DATASET SECTION:
+++++

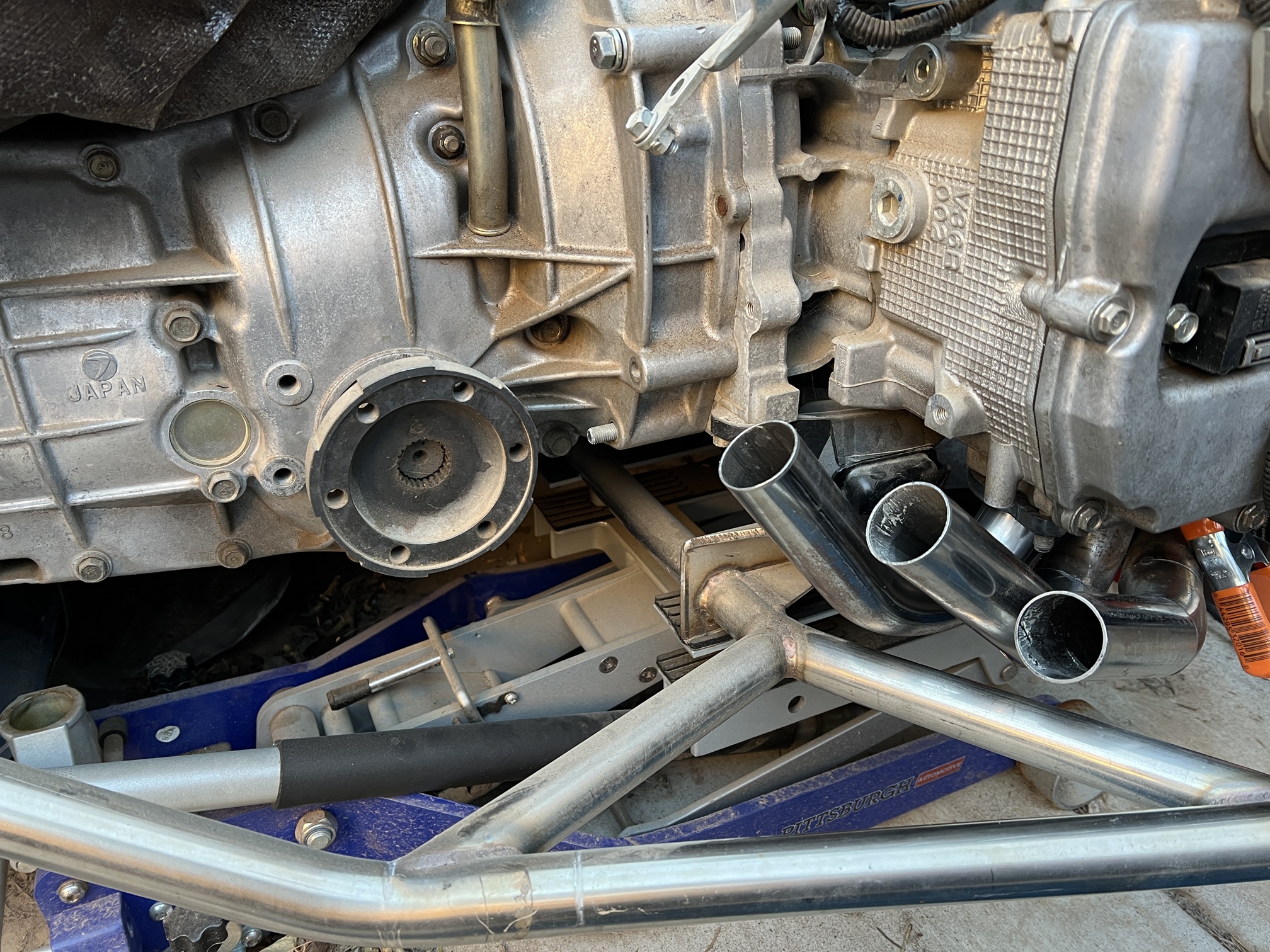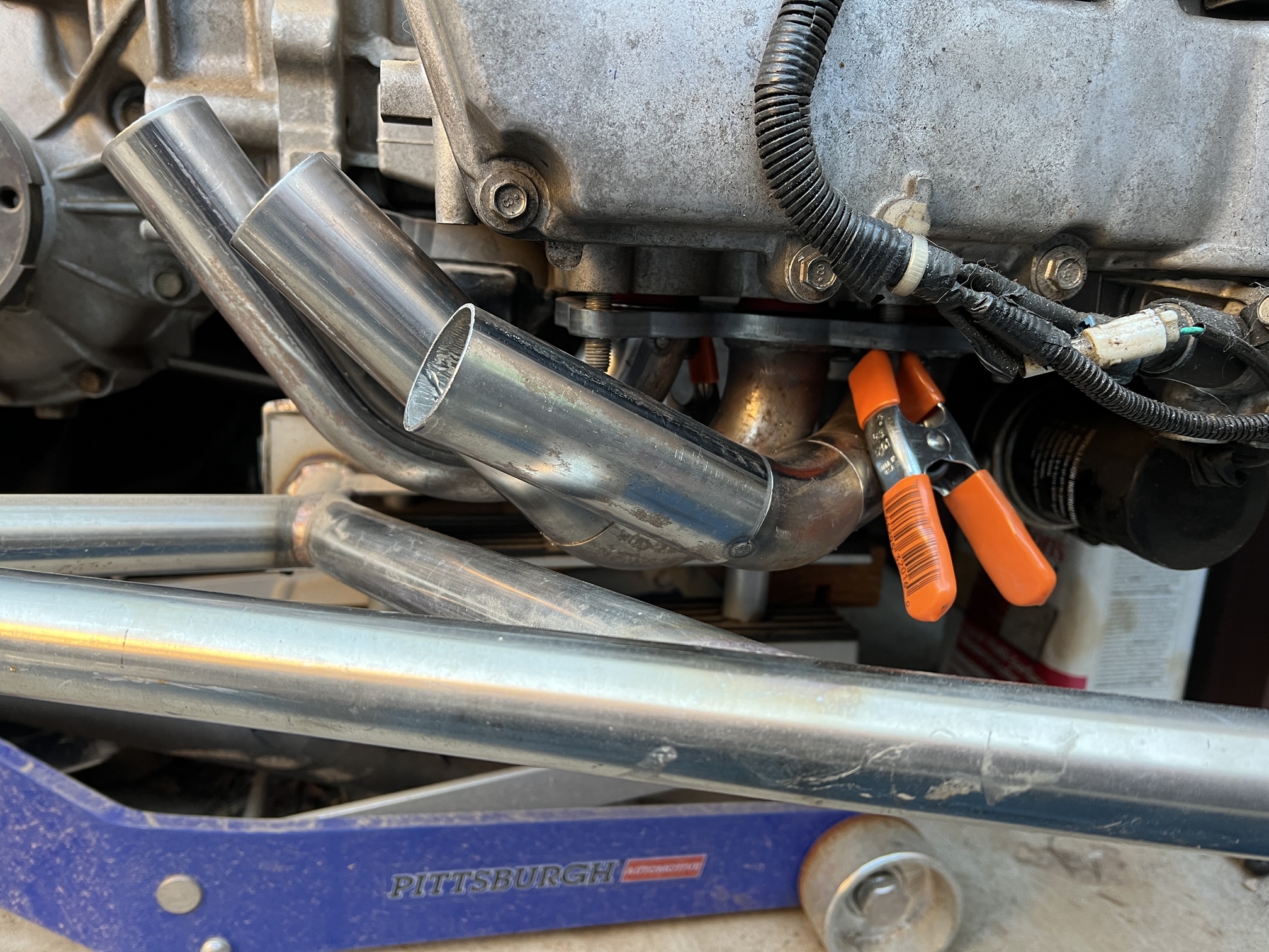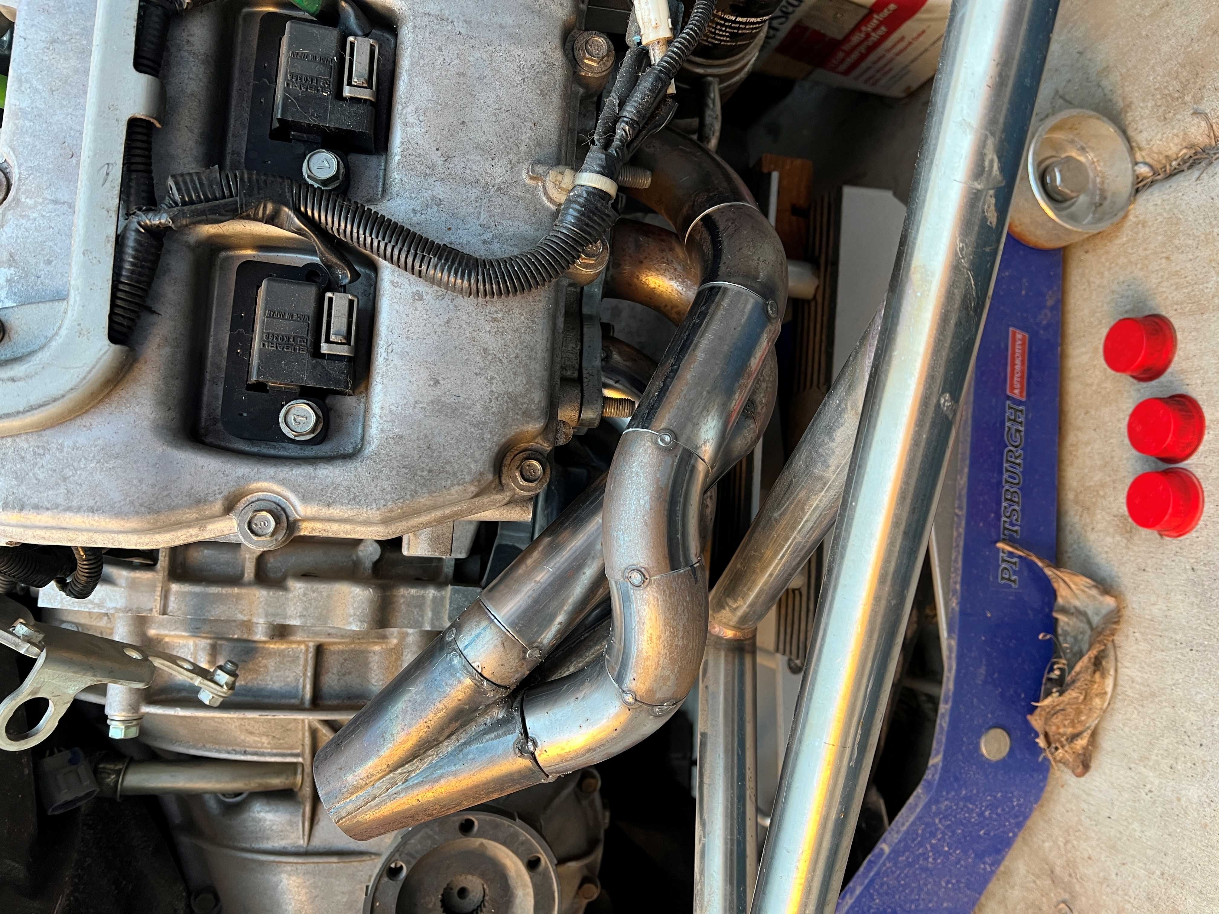 Seems to be quite a bit of room for the rest of an exhaust system. I just need to find some mufflers that will fit the space on each side. |
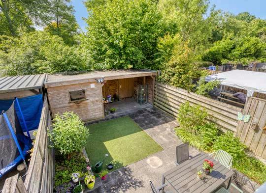 De zonnige achtertuin op het zuiden is een groot pluspunt van deze woning. Hier geniet je van een plek waar je van de eerste ochtendzon tot de laatste avondstralen heerlijk kunt vertoeven. De tuin is ruim genoeg voor verschillende zitjes, bijvoorbeeld een prettige loungehoek of een eettafel voor gezellige familiemaaltijden. Het praktische formaat biedt ook de mogelijkheid om een speelplek voor kinderen te creëren of een deel van de tuin in te richten voor groenliefhebbers. Of je nu van een onderhoudsvriendelijke tuin houdt of juist groene vingers hebt, deze buitenruimte heeft alles om het helemaal naar je eigen wens in te richten.
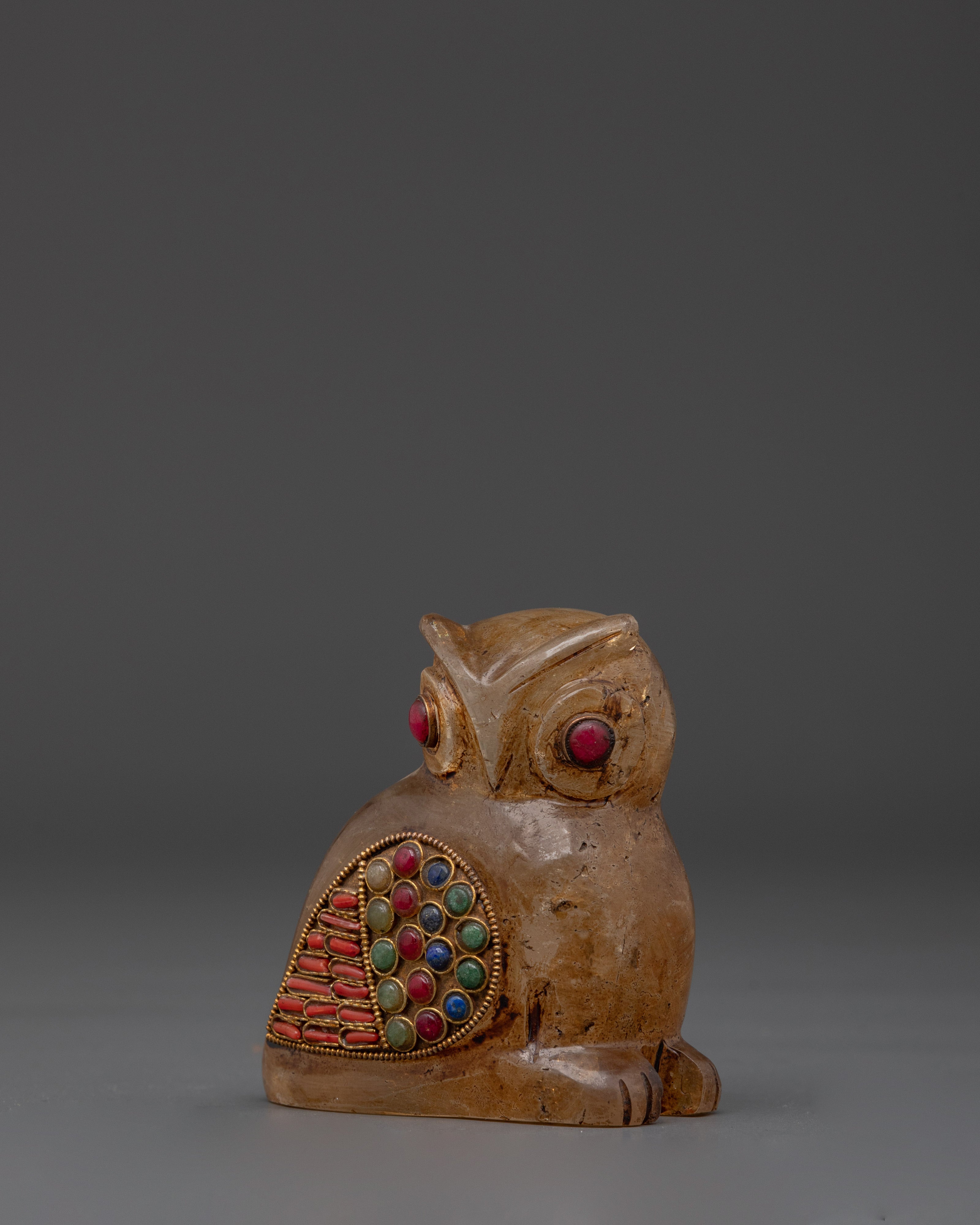 The glittering crystal material adds to its aesthetic appeal by capturing and reflecting light, bringing vitality to any room.  The faux stone detailing gives texture and depth to this handcrafted owl, giving it a lifelike appearance with artistic appeal.  This owl statue, whether displayed in a living room, study, meditation nook, or office, is both a clever decorative item and a symbolic talisman that promotes inner clarity, intuition, and awareness.  It also makes a thoughtful present for anyone who like spiritual art or animal symbolism.

+++++

DIRECTIONS FOR THIS TASK: All the data above is to be transcribed exactly, with no pictures included.

RESULT OF THE EXERCISE:
 Seems to be quite a bit of room for the rest of an exhaust system. I just need to find some mufflers that will fit the space on each side. |
 De zonnige achtertuin op het zuiden is een groot pluspunt van deze woning. Hier geniet je van een plek waar je van de eerste ochtendzon tot de laatste avondstralen heerlijk kunt vertoeven. De tuin is ruim genoeg voor verschillende zitjes, bijvoorbeeld een prettige loungehoek of een eettafel voor gezellige familiemaaltijden. Het praktische formaat biedt ook de mogelijkheid om een speelplek voor kinderen te creëren of een deel van de tuin in te richten voor groenliefhebbers. Of je nu van een onderhoudsvriendelijke tuin houdt of juist groene vingers hebt, deze buitenruimte heeft alles om het helemaal naar je eigen wens in te richten.
 The glittering crystal material adds to its aesthetic appeal by capturing and reflecting light, bringing vitality to any room.  The faux stone detailing gives texture and depth to this handcrafted owl, giving it a lifelike appearance with artistic appeal.  This owl statue, whether displayed in a living room, study, meditation nook, or office, is both a clever decorative item and a symbolic talisman that promotes inner clarity, intuition, and awareness.  It also makes a thoughtful present for anyone who like spiritual art or animal symbolism.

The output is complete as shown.